EVEN now it sends a tingle down my spine to think about it. That majestic leap, a flash of green and yellow between fences, a whip waved in triumph as he swept past the winning post.

When Kauto Star regained his Cheltenham Gold Cup crown in glorious fashion in 2009, and esteemed jockey Ruby Walsh stood tall in the saddle, it flicked a switch in my head and lit a fire that has yet to burn out.

I was late to discover the power of National Hunt’s showpiece meeting.

That wondrous day five years ago was my first appearance, but I was quick to realise why four days in March are so special. Why it is a pilgrimage for so many.

It’s the roar of the masses as the tape goes up for the Supreme Novices’ Hurdle on the opening day, a cry that’s part guttural, part exultation - thank God it’s here again.

It’s a celebration, it’s an obsession.

It’s 200 miles away from racing’s Malton and Norton stronghold, where fevered plans are laid each autumn in a community that lives and breathes its racing.

To have a runner at Cheltenham is an achievement. To have a winner - in that most competitive of cauldrons - is almost beyond belief.

Tim Easterby is probably still smiling.

It was a grin that was so wide in the winner’s enclosure on Wednesday that if the wind had changed he would have been permanently stuck with it.

That one moment, like Kauto Star’s aerial assault on his obstacles, encapsulates for me what the Festival is all about.

Easterby comes from jump racing legend.

His father, Peter, was a colossus of the sport.

Night Nurse, Alverton, Sea Pigeon - their names reverberate through the pages of the sport’s history books more than a third of a century after they strode so magnificently across the Prestbury Park turf.

At his Great Habton yard, Gold Cups and Champion Hurdles must have littered living rooms like ornamental plates on a mantelpiece throughout the younger Easterby’s youth.

He had experienced it himself as a trainer, that Festival winning feeling, when Barton toyed with his rivals before ruthlessly dispatching them in the Neptune.

But that was 15 years ago.

Easterby has, of course, become a titan of the Flat.

He is a Classic-winning trainer, a man who sends in winner after winner at the Yorkshire racecourses.

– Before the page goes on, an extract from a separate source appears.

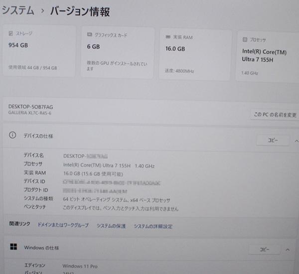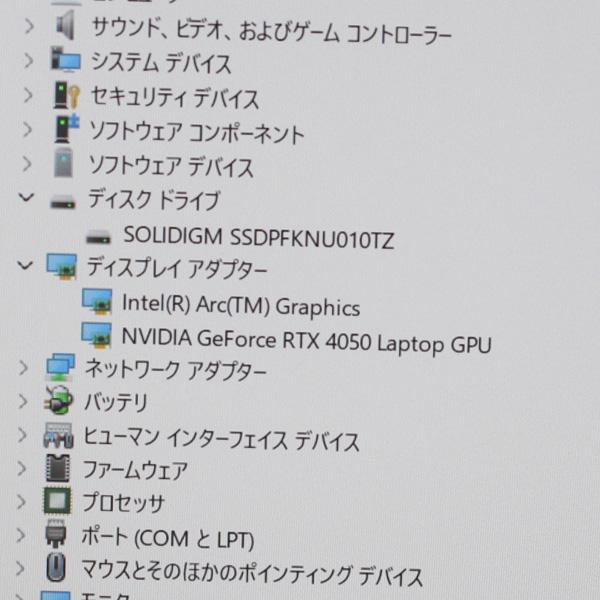 OS Windows 11 Pro 64bitCPU Core Ultra 7 155H 1.40GHzグラフィックス GeForce RTX 4050 Laptop GPUメモリ 16GBメモリストレージ 1TBディスプレイ 15.6インチ液晶 (2560×1600)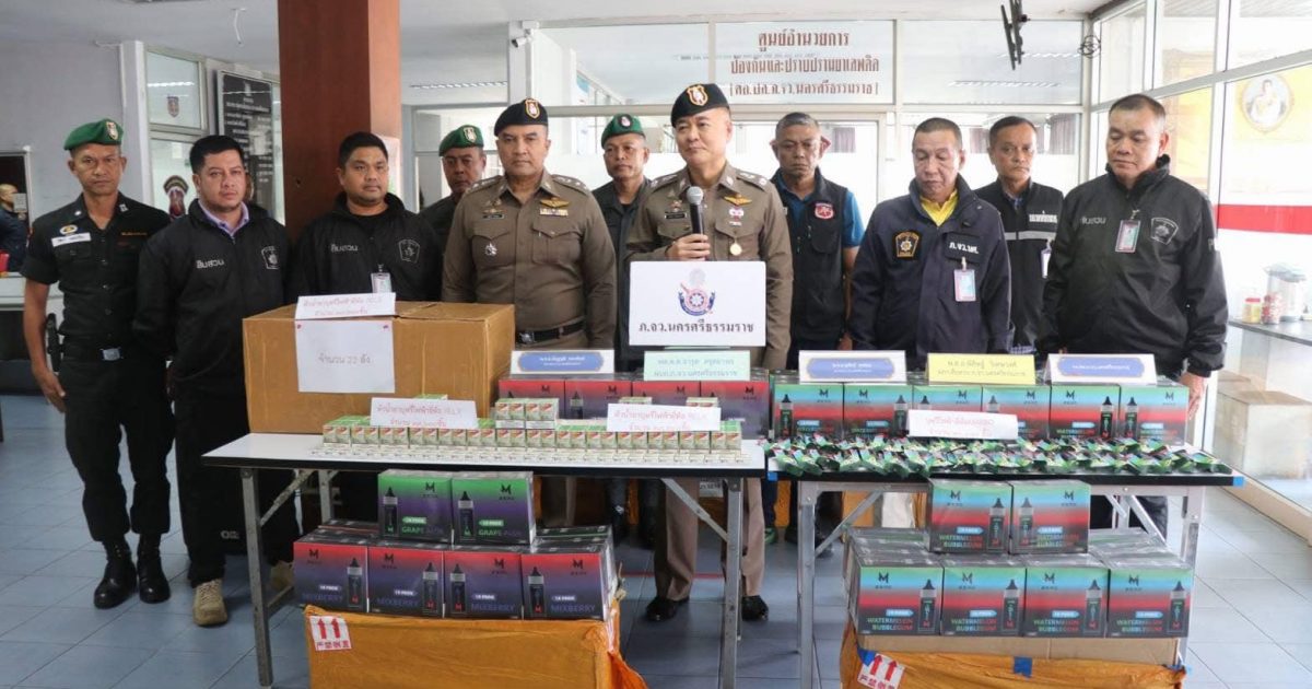 วันที่ 25 ก.พ.68 เวลา 14.00 น. พล.ต.ต.จารุต ศรุตยาพร ผบก.ภ.จว.นครศรีธรรมราช พร้อมด้วย พ.ต.อ.เกรียงศักดิ์ นุ่นเกลี้ยง รอง ผบก.ภ.จว. นครศรีธรรมราช, พ.ต.อ.ขจิตร คงปราบ รอง ผบก.ภ.จว.นครศรีธรรมราช, พ.ต.อ.นัษฐวุฒิ ทองทิพย์ รอง ผบก.ภ.จว.นครศรีธรรมราช, พ.ต.อ.สุทัศน์ สงสยม รอง ผบก.ภ.จว.นครศรีธรรมราช, พ.ต.อ.พิศิษฐ์ วิเศษวงศ์ ผกก.สส.ภ.จว.นครศรีธรรมราช, พ.ต.ท.นพเสถียร สิงห์สุขพนธ์ รอง ผกก.สส.ภ.จว.นครศรีธรรมราช พร้อมชุดจับกุม ได้ร่วมกันแถลงข่าวผลการจับกุมบุหรี่ไฟฟ้าในพื้นที่จังหวัดนครศรีธรรมราช ซึ่งสามารถตรวจยึดของกลางเป็นรถบรรทุก 10 ล้อ ไม่ประจำทางใช้ในการขนส่งบุหรี่ไฟฟ้า และ น้ำยาหัวเปลี่ยนบุหรี่ไฟ้ฟา รวมมูลค่าของกลางประมาณ 11,968,000 บาท

This is Cheltenham, though.

“It is everything,” he said as Hawk High swooped in and swiped the Fred Winter Juvenile Hurdle - a 33-1 surprise that left nearly everyone speechless except the man who saddled him.

“Cheltenham is the best. It’s better than everywhere.”

‘Better than Royal Ascot he was asked’? “This is the best place in the world,” he replied. Put your fingers in your ears, York.

Today, with the blue riband Gold Cup, another legend will be written.

Will it again be Bobs Worth to fly so effortlessly up that famous hill?

Nicky Henderson’s champion is defending an impeccable course record of five wins from five starts?

Or will Silviniaco Conti stay on his feet this time and right the wrongs of 12 months ago?

Travelling better than anything else with just three fences to leap, he tumbled out of contention and took with him the dreams of renewed glory harboured by his trainer Paul Nicholls.

Indeed. would Silviniaco Conti have won?

It’s a question that has hung in the air over Cleeve Hill for the best part of 365 days.

As the pair prepare to stage their rematch - an equine version of Britain’s world-rated super-middleweight boxers Carl Froch versus Ricky Groves - we will finally find out.

This time beyond doubt.

Behind that titanic pair are a supporting cast of heroes longing for the chance to make their own mark on this greatest of stages.

It is these stories that keep us coming back year after year, in the expectation - not the hope - that we will see something special.

It is why so many trainers, jockeys, grooms, stable lads and lasses get up early, put in long hours and strive for excellence - for a chance to have a day in the sun.

It’s why owners continue to part with their hard-earned cash, hoping that one time, this time, they have bought the horse to win it all.

It’s why, when it all comes together, when that final flight is jumped, when that turn of foot runs all the way to the winning line, trainers like Easterby, and punters like me, will always have a smile on their face when it comes to Cheltenham.